I'm using Scala and am using StringIndexer to assign indices to each category in my training set. It assigns indices based on the frequency of each category.
The problem is that in my testing data, the frequency of the categories are different and so StringIndexer assigns different indices to the categories, which prevents me from evaluating the model (Random Forest) correctly.
I am processing the training/testing data in the exact same way, and don't save the model.
I have tried manually creating labels (by getting the index of the category), but get this error
java.lang.IllegalArgumentException: RandomForestClassifier was given input with invalid label column label, without the number of classes specified. See StringIndexer.

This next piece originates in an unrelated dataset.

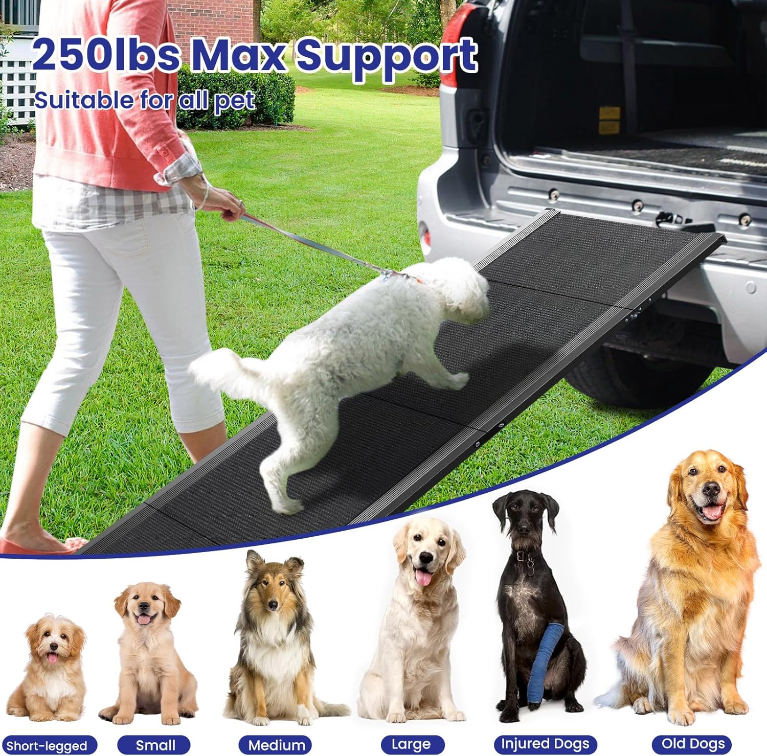 - Excellent Load Capacity: JTSIOV dog ramp for car is crafted from premium aluminum, offering exceptional strength and durability, supporting up to 250 lbs—perfect for large breeds, short-legged puppies, older pets, and dogs with mobility challenges. The outdoor dog ramp reinforced hinge system ensures superior stability across modules, supporting pets of all sizes for a secure, wobble-free climbing experience.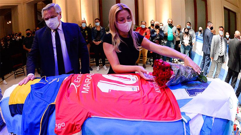 El presidente Alberto Fernández asistió esta mañana al velorio de Diego Maradona que se desarrolla en la Casa de Gobierno, acompañado por la primera dama Fabiola Yañez y funcionarios del gabinete nacional.

It seems that I must use StringIndexer, so how do I ensure that future datasets that I use for testing index the categories the same way as the training set?
EDIT adding code of my attempted workaround
This is what the dataframe looks like, call it mydata
+--------+-----+---------+---------+
|category|label| x| y|
+--------+-----+---------+---------+
| a| 0.0| -0.166992|-0.256348|
| b| 1.0| -0.179199| -0.22998|
| c| 2.0| -0.172119|-0.105713|
| d| 3.0| -0.064209| 0.050293|
I use vector assembler to prepare features
val assembler = new VectorAssembler().setInputCols(Array("x, y")).setOutputCol("features")
Transform mydata using above assembler, that does the features column
val predValues = assembler.transform(mydata)
So the model expects 2 columns, features and label. So I want to use my own label for this. I select features from predvalues
val features = sqlContext.sql("SELECT features from predValues")
And select label from my df
val labelDF = sqlContext.sql("SELECT label FROM filterFeaturesOnly")
And then join the two together so I'll have features and label to pass to model
val featuresAndLabels = features.join(labelDF)
This is what I am passing to the model, and I get the error mentioned above.
val label = predValues.join(labelDF)